The minimally required grace period in between VDC commands differ over powercycles and portoflio models. From our testing on different Portfolio models (HPC-004 and HPC-009) we deduced that the HPC-009 has the worst tolerance, which is mateched by '27' by Klaus' test program. the HPC-004 model consistently matches '24'. We asked people that had other models than the HPC-004 models from the Atari Portfolio facebook group to run the LCD test program with different portfolio models to validate results. Results received validated the observation that the HPC-009 is consistently less tolerant. In the resulting code to drive the VDC, this means that 1 extra nop required between the HPC-004 and HPC-009 tolerances, to prevent visual distortion on the HPC-009.

In contrary to the Atari ST (and many other micromachines of the time) the Portfolio does not have a vblank. As such, it can not direclty be controlled when a pixel is updated. So instead, for all intends and purpposes, we consider that pixels are directly updated when the VDC command is processed (and probably displayed in a VDC controlled frequrency that is unknown to us). As a result this has implications as to how to drive the VDC, either by individual plots to the screen directly, or to use some kind of backbuffer in the main ram, that is then written to screen.

The VDC autoincrements the internal VDC memory cursor after a byte is written to the VDP/Display. This means that the VDC favours sequential writes, becuse this circumvents setting the cursor for each write, and allows the VDC to be in a state where can `just receive bytes'. This poses implementation decisions when the effect covers a larger visual area, but only affects a limited set of bytes (f.e. a line draw effect).

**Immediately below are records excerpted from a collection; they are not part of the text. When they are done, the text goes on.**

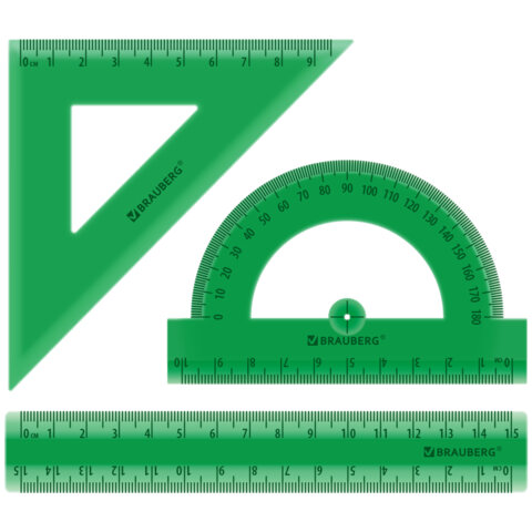 Набор чертежный BRAUBERG (линейка 15 см, треугольник, транспортир), зеленый, прозрачный, пенал, 210890
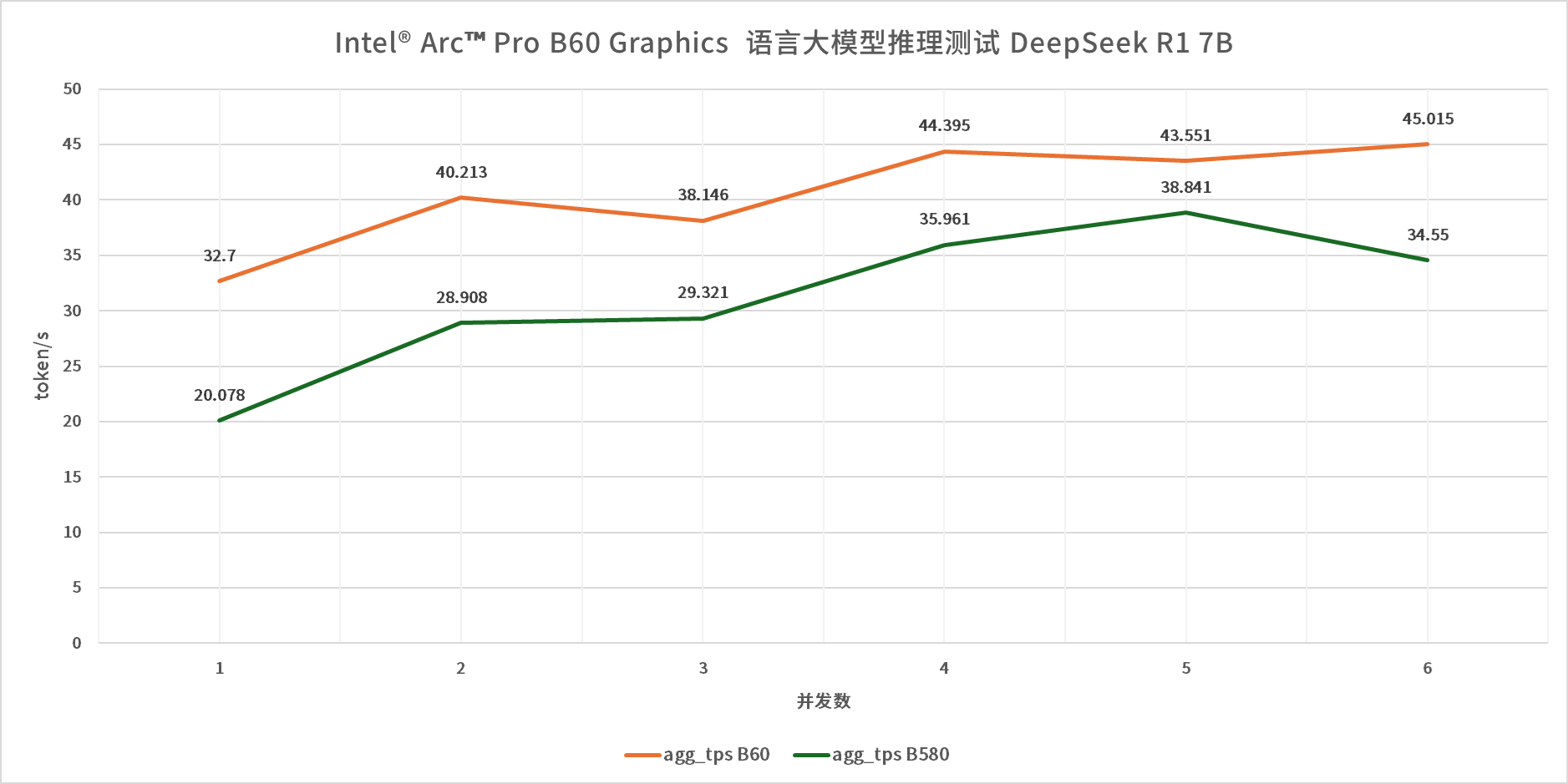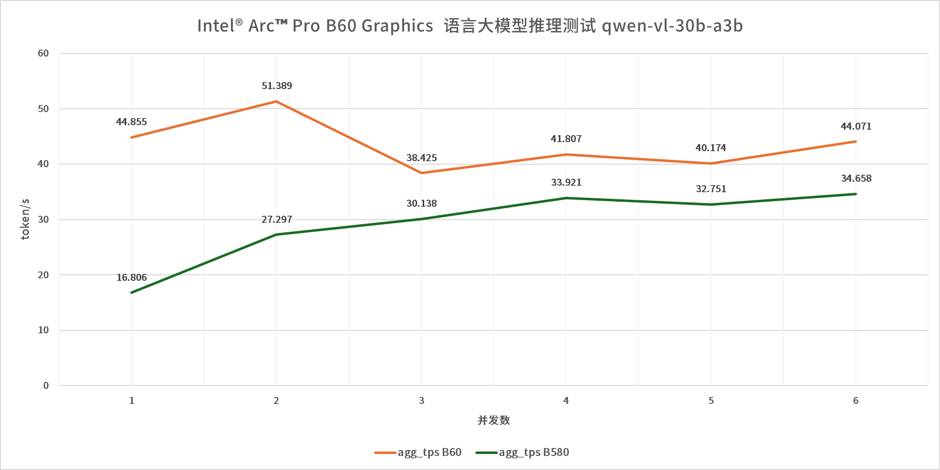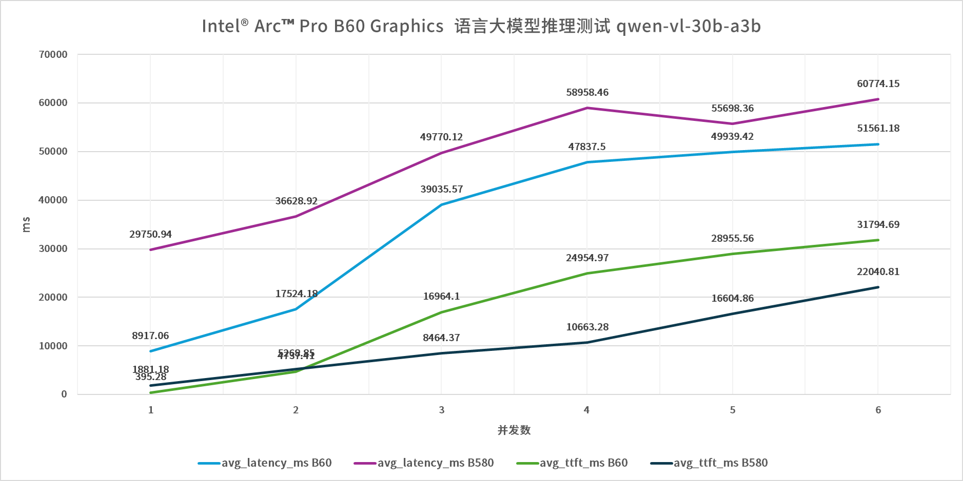 测试结果清晰展现了24GB大显存的核心优势:在DeepSeek R1 7B模型测试中,无论并发数量多少,Arc Pro B60的推理速率均大幅领先Arc B580,领先幅度稳定在20%-30%之间,首字延迟(TTFT)与平均推理延迟也显著优于后者。更换参数规模更大的gpt-oss-20B模型、qwen-vl-30b-a3b MOE模型后,测试结果基本一致,随着模型参数规模的提升,Arc Pro B60的领先优势进一步凸显,而Arc B580则因为显存容量的限制,在高并发、大参数模型场景中,出现了明显的性能衰减与延迟飙升。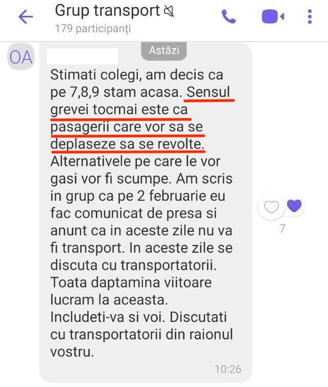 „Un grup mic de transportatori a început să șantajeze o republică întreagă că vor sista cursele de transport. Colegi, mai jos este mesajul celui care îi reprezintă. Scopul e clar: „... să se revolte pasagerii”. E urât. Îndemn toți transportatorii să nu se lase provocați de astfel de comportamente”, a precizat vicepremierul.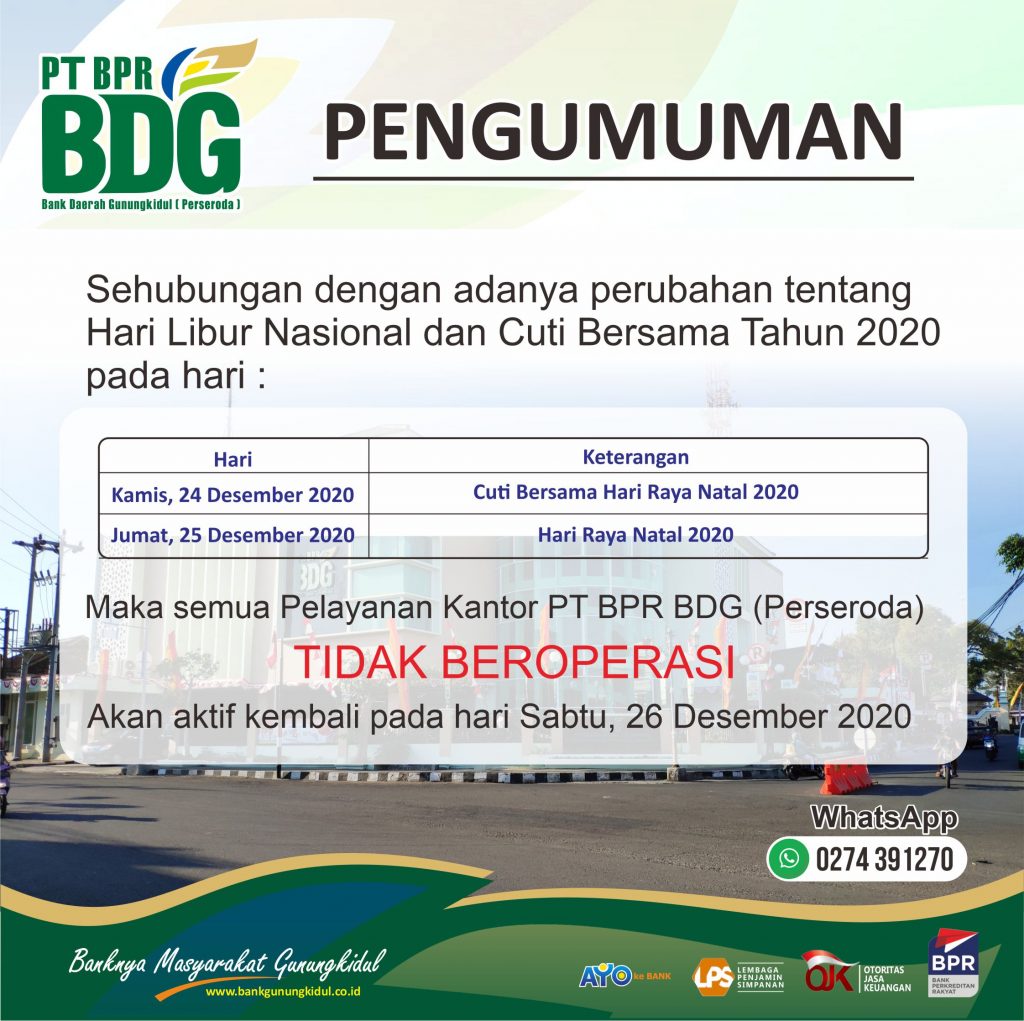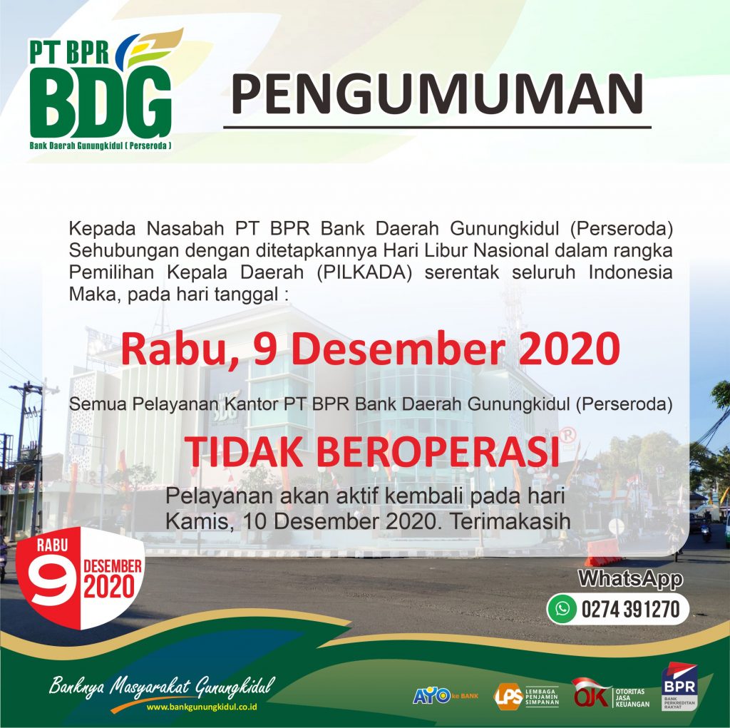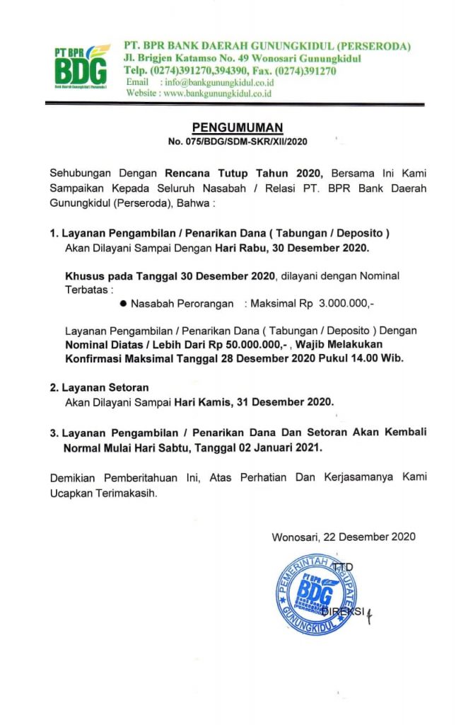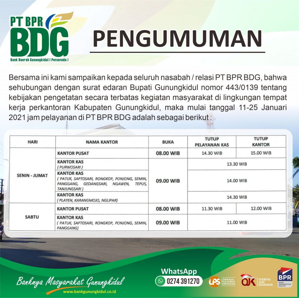 Bersama ini kami sampaikan kepada seluruh nasabah / relasi PT BPR BDG, bahwa sehubungan dengan surat edaran Bupati Gunungkidul nomor 443/0139 tentang kebijakan pengetatan secara terbatas kegiatan masyarakat di lingkungan tempat kerja perkantoran Kabupaten Gunungkidul, maka mulai tanggal 11-25 Januari 2021 jam pelayanan di PT BPR BDG adalah sebagai berikut :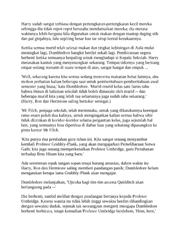 berhenti ketika semuanya berpaling untuk menghadapi si Kepala Sekolah. Harry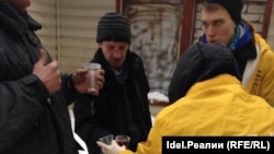 Юрий не в первый раз приходит в "мобильный пункт питания". Говорит, что горячий суп и чай для него – серьезное подспорье: "В добавке никогда не отказывают. Покушаю горяченького и согреваюсь. У нас, когда ребята из "Человек-человеку" приезжают, к их машине выстраивается "живая очередь". Никто с миской вперёд не забегает. Все соблюдают порядок. Мы такие же люди, и подисциплинированнее многих".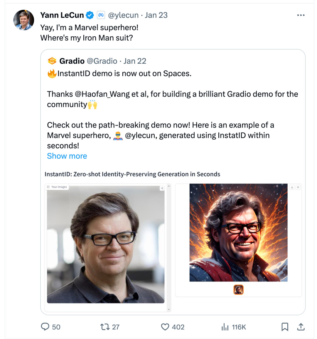 就连 Yann LeCun 本人也点赞转发,调侃自己的「钢铁侠」衣服在哪里。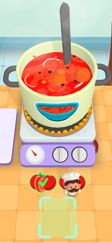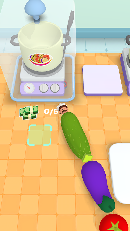 Kochen und servieren Sie Ihren Kunden Gerichte, die zehnmal so groß sind wie Sie, und sammeln Sie Geld. Verwenden Sie das Geld, um Köche einzustellen und zu verbessern. Der Tisch ist deine Welt, die es zu erobern gilt!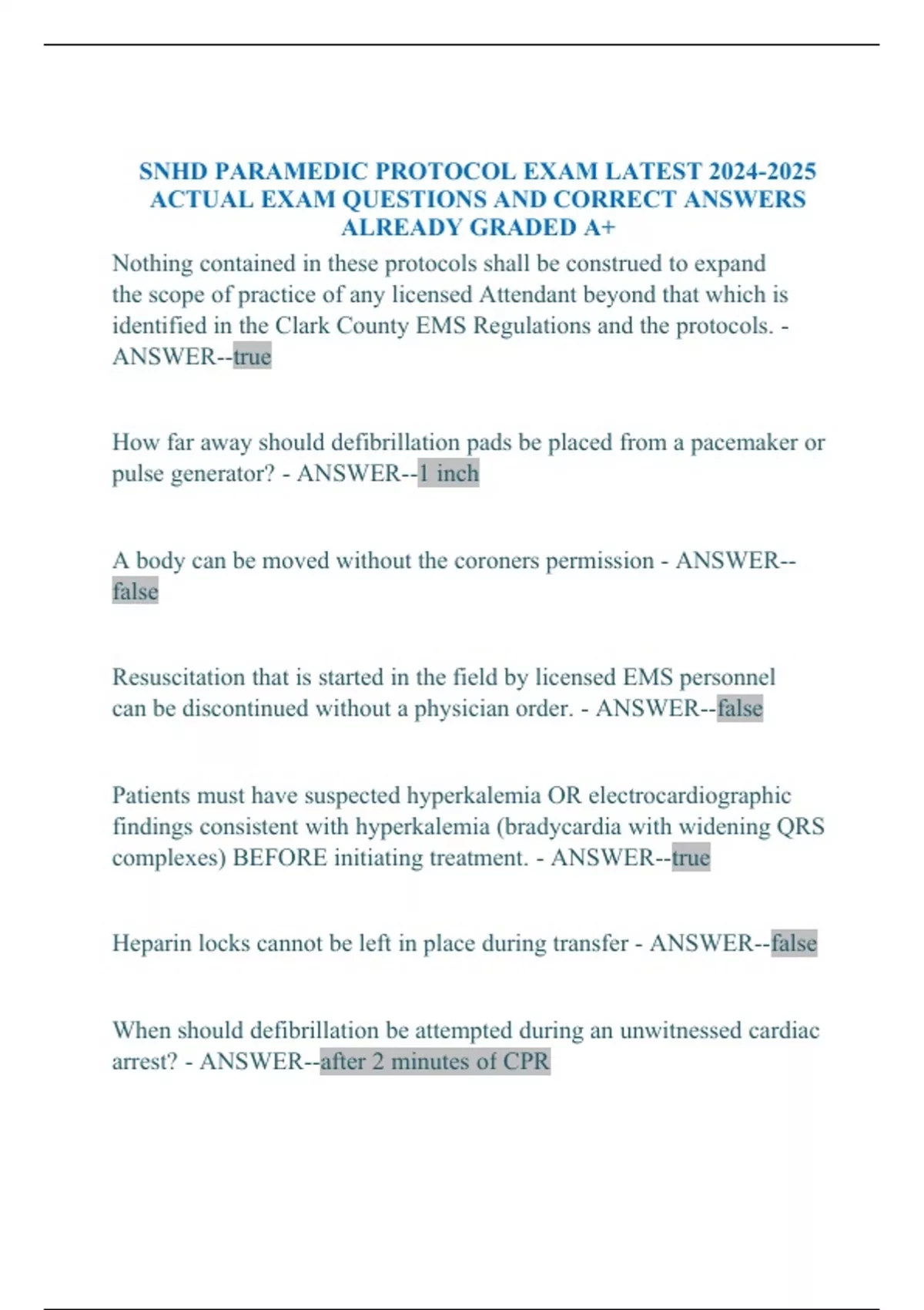 SNHD PARAMEDIC PROTOCOL EXAM LATEST ACTUAL EXAM QUESTIONS AND CORRECT ANSWERS ALREADY GRADED A+ Nothing contained in these protocols shall be construed to expand the scope of practice of any licensed Attendant beyond that which is identified in the Clark County EMS Regulations and the protocols. - ANSWER--true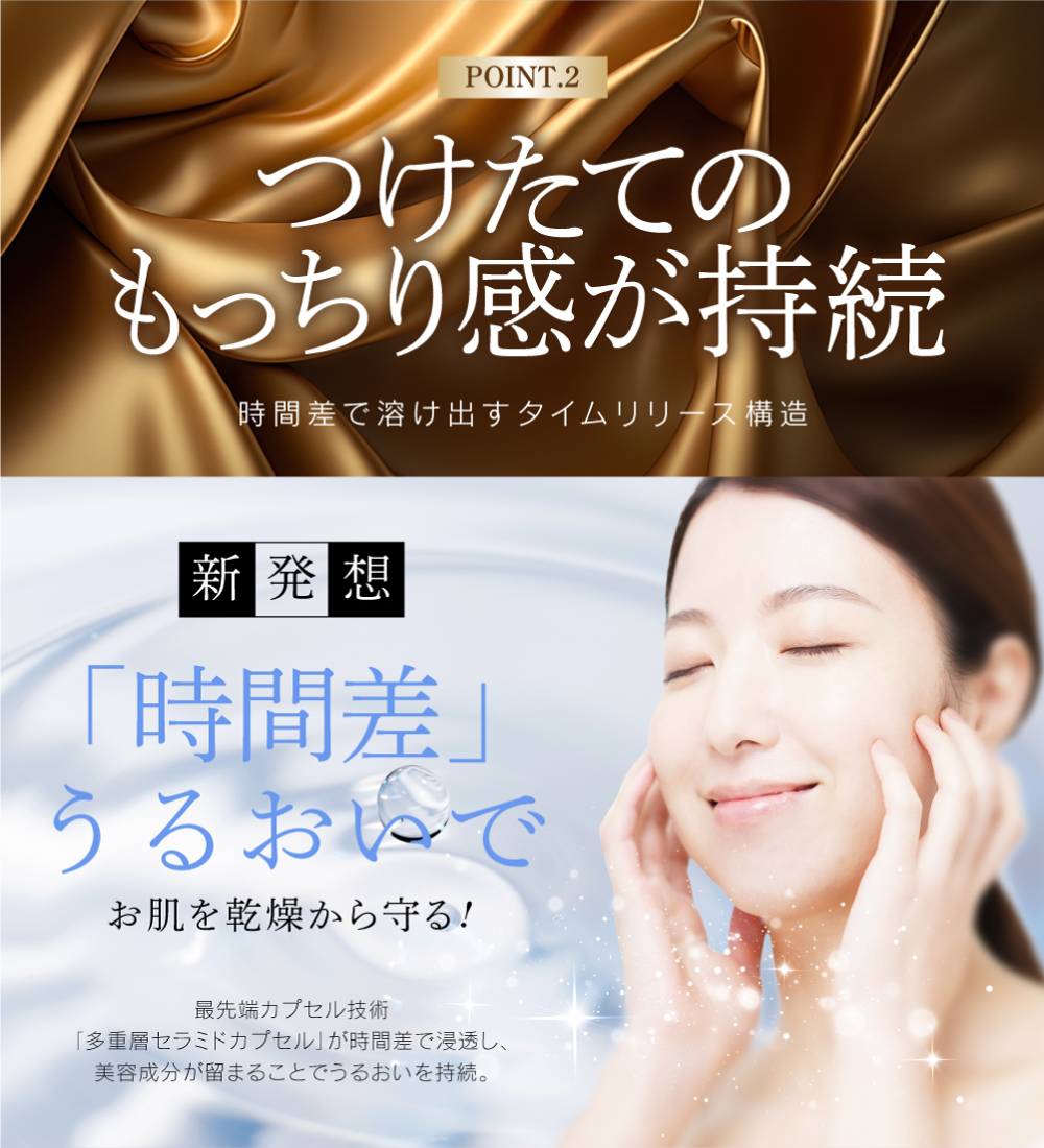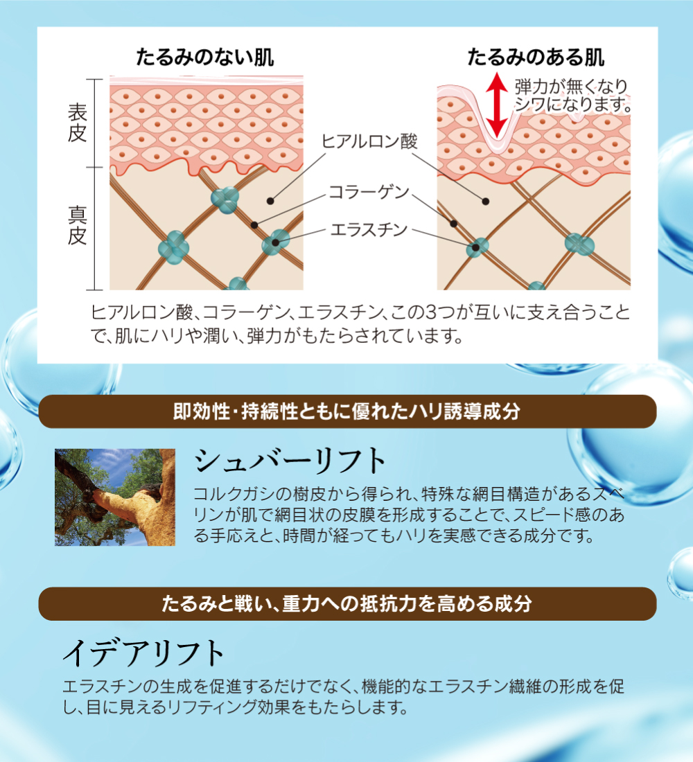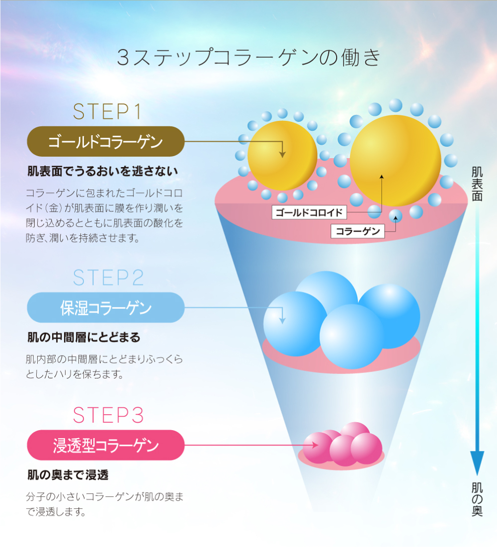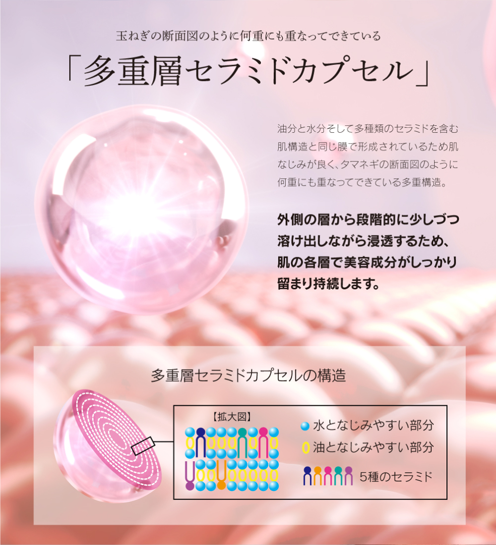 | 成分 | 水、グリセリン、DPG、グリコシルトレハロース、1,2-ヘキサンジオール、加水分解水添デンプン、アセチルジペプチド-1セチル、ラウリン酸ソルビタン、コルクガシ樹皮エキス、セラミド1、セラミド2、セラミド3、セラミド5、セラミド6、ダイズステロール、水添レシチン、トリフルオロ酢酸テトラデシルアミノブチロイルバリルアミノ酪酸ウレア、加水分解コラーゲン、水溶性コラーゲン、サクシノイルアテロコラーゲン、(ジヒドロキシメチルシリルプロポキシ)ヒドロキシプロピル加水分解コラーゲン、オリゴペプチド-6、金、白金、ポリソルベート80、ヒアルロン酸Na、加水分解ヒアルロン酸、スクワラン、グラウシン、アーモンドエキス、カラスムギ穀粒エキス、エチルヘキシルグリセリン、ポリ-γ-グルタミン酸Na、ダイズ種子エキス、セリン、リン脂質、スフィンゴ脂質、ヤシ油アルキルグルコシド、ユビキノン、マンニトール、セルロース、酸化鉄、ヒドロキシプロピルメチルセルロース、キサンタンガムクロスポリマー、炭酸水素Na、ジカプリン酸ネオペンチルグリコール、ヒドロキシエチルセルロース、カプリリルグリコール、トコフェロール、シクロヘキサシロキサン、シクロペンタシロキサン、カルボマー、BG、PEG-20水添ヒマシ油、キサンタンガム、ミリスチン酸ポリグリセリル-10、ラウリン酸ポリグリセリル-10、水酸化K、ペンテト酸5Na、PPG-4セテス-20、ペンチレングリコール、エタノール、フェノキシエタノール |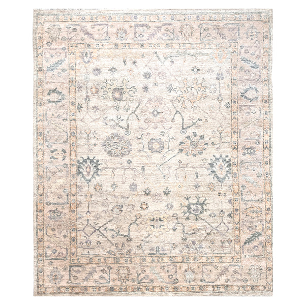 This Beige Traditional Oushak Silk Rug - 8' x 10' showcases a faded, vintage design with intricate patterns and motifs. Muted shades of beige, pink, blue, and gray give it a weathered look. Hand knotted out of luxurious silk in India, this traditional rug adds warmth and elegance to any room with its detailed border and symmetrical arrangement.

Some example code of writing to setting the LCD cursor to the value contained by si. In setting the high and low byte of si.

setVDCCursor:
    mov dx,08011h               ;   LCD controller Addressregister
    mov al,10                   ;   10  Set cursor position Low
    out dx,al                   ;   write to VCD port
    dec dx ; mov dx,08010h      ;   dx= $8010, data register
    mov ax,si                   ;   8010 - si iterates as curor over screen, doing per cube copy in doing x (30), and then adds offset 240 per y-block
    out dx,al                   ;   write to VCD port

    inc dx ; mov dx,08011h      ;   dx = $8011, address register
    mov al,11                   ;   11  Set cursor position high
    out dx,al                   ;   write to VCD port
    dec dx ; mov dx,08010h      ;   dx = $8010, data register
    mov al,ah                   ;   move al
    out dx,al                   ;   write to VCD port

    inc dx ; mov dx,08011h      ;   dx = $8011, address register
    mov al,12                   ;   12  Byte (s) transferred to the LCD
    out dx,al                   ;   write to VCD port
    ret

Another observation about the LCD; the quality of LCDs differ over the different portfolios that we have seen. Mainly with regards to the speed in which pixels are turned on and off (regardless of VDC controller speed). We can only guess the life expectance that the display had during its haydays, but we suspect that time treated the various portfolios differently. This implies however that if the code and pixel updates occur quickly the pixel becomes less clear. There is thus a tradeoff between clarity of the effect and its speed.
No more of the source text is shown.